Accordingly, in this study, we present a single-cell RNA sequencing (scRNA-seq) dataset collected during astrocyte differentiation from iPSCs through Nfib/Sox9 overexpression. This dataset enables the analysis of transcriptional states during astrogenesis. Specifically, we report the scRNA-seq data of cells collected along astrocyte differentiation (i.e., on Day 0, 1, 3, 8, 14, and 21), which can facilitate the delineation of the astrocyte differentiation path (Fig. 1). In addition, we report data on astrocytes derived from multiple iPSC lines, which can help identify previously undescribed cell signatures and cell diversity. Our dataset provides valuable insights into the transcriptomic features and differentiation path of Nfib/Sox9-induced astrocytes. It also serves as a reference for comparative studies of astrogenesis using other in vitro astrocyte generation models as well as the development of primary astrocytes. Thus, our dataset will contribute to further research on astrocyte-associated neurological diseases.

Fig. 1
figure 1

Schematic overview of the experimental design. (a) Generation of astrocytes from induced pluripotent stem cells (iPSCs). Ubiq, ubiquitin; rtTA, reverse tetracycline-controlled transactivator; Dox, doxycycline; Puro, puromycin (for cell selection). Day 0 is the starting time point of Dox induction. (b) Workflow of single-cell RNA sequencing. To establish the astrocyte differentiation path, cells derived from the Monoclonal iPSC1 line were collected on Day 0, 1, 3, 8, 14, and 21. To characterize the molecular signatures of induced astrocytes, astrocytes derived from the iPSC1 and iPSC2 lines on Day 21 were collected. iPSC1: DYR0100 cell line; iPSC2: BIONi037-A cell line; Monoclonal iPSC1: a single colony picked from iPSC1. (c) Bioinformatics pipeline for sequencing data analysis. Raw sequencing data were pre-processed by Cell Ranger and Seurat. Plots were generated using R. This figure was created using BioRender (https://biorender.com/).

Methods

Cell lines and culture

The DYR0100 cell line (“iPSC1” hereafter) was kindly provided by the Stem Cell Bank of the Chinese Academy of Sciences (cat. no. SCSP-1301, CSTR: 19375.09.3101HUMSCSP1301). The BIONi037-A line (“iPSC2” hereafter) was obtained from Sigma (ECACC cat. no. 66540580, RRID: CVCL_II80). To exclude the effects of the heterogeneity of the starting cell line on the resultant differentiated cells, the Monoclonal iPSC1 line was generated as previously described18. A single cell was obtained from limiting dilution of parental iPSC1 cells and expanded as the Monoclonal iPSC1 line. Briefly, iPSCs were cultured in Essential 8 medium (Thermo Fisher Scientific, A1517001) on 6-well plates coated with Matrigel (Corning, 354277); the medium was changed daily. When the culture reached ~80% confluence, the cells were dissociated using Accutase (Thermo Fisher Scientific, A1110501) or 0.5 mM EDTA and re-plated in Essential 8 medium supplemented with 10 µM ROCK inhibitor (Selleck, S1049) during the first day. All cells described in this study were incubated at 37 °C, 5% CO2, and 90% humidity.

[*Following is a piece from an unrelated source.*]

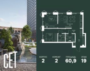 В ЖК Сет продается 2-комнатная квартира площадью 60.90 м², расположенная в корпусе 2, на 19 этаже 59 этажного дома.

Plasmids and lentivirus production

The full-length cDNA of the mouse Nfib gene was amplified from the tetO-Nfib-Hygro plasmid (Addgene #117271). To generate Nfib-GSG-P2A, a short DNA sequence of GSG-P2A was added to the 3′ end of Nfib by PCR amplification. Similarly, the full-length cDNA of the mouse Sox9 gene followed by the puromycin selection gene was amplified from the tetO-Sox9-Puro plasmid (Addgene #117269) to create Sox9-T2A-Puro. Specific restriction sites were incorporated to allow the cloning of Nfib-GSG-P2A and Sox9-T2A-Puro in tetO-Nfib-Hygro lentiviral vector (Addgene #117271) with EcoRI/PacI restriction enzyme sites, yielding the tetO-Nfib-Sox9-Puro plasmid.

Lentiviruses were produced using a second-generation packaging system in HEK293T cells and titrated by Vigene Biosciences (Shandong, China). The FUdeltaGW-rtTA plasmid (Addgene #19780) and tetO-Nfib-Sox9-Puro plasmid were used to produce lentivirus to overexpress rtTA (reverse tetracycline-controlled transactivator) and Nfib/Sox9, respectively.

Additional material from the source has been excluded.